▶ [Problem] The reply should match the listing below character for character, except that no image is carried over.

▶ [Dataset section]

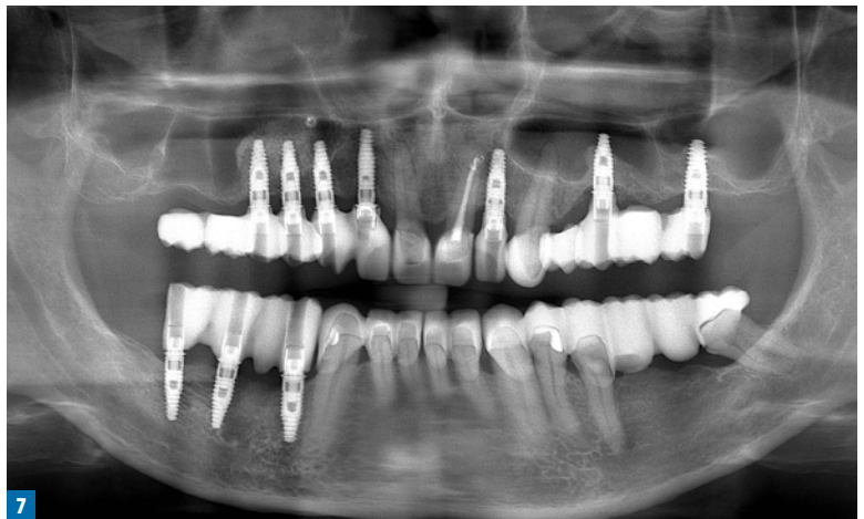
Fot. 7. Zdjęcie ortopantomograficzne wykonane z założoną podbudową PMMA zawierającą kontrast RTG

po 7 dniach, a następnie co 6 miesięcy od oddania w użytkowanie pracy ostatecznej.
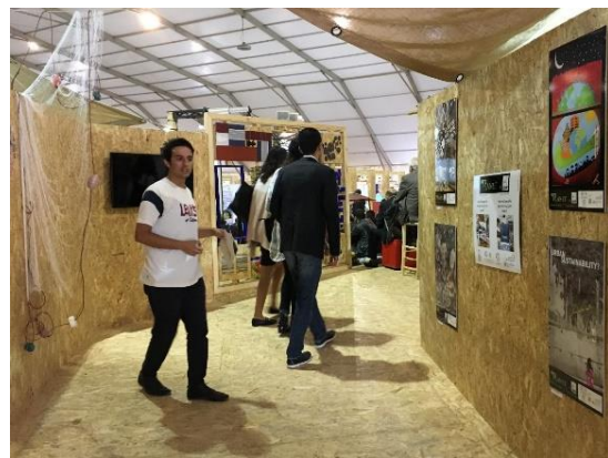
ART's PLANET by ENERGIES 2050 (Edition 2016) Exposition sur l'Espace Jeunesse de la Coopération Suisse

▶ [Solution below]
Fot. 7. Zdjęcie ortopantomograficzne wykonane z założoną podbudową PMMA zawierającą kontrast RTG

po 7 dniach, a następnie co 6 miesięcy od oddania w użytkowanie pracy ostatecznej.
ART's PLANET by ENERGIES 2050 (Edition 2016) Exposition sur l'Espace Jeunesse de la Coopération Suisse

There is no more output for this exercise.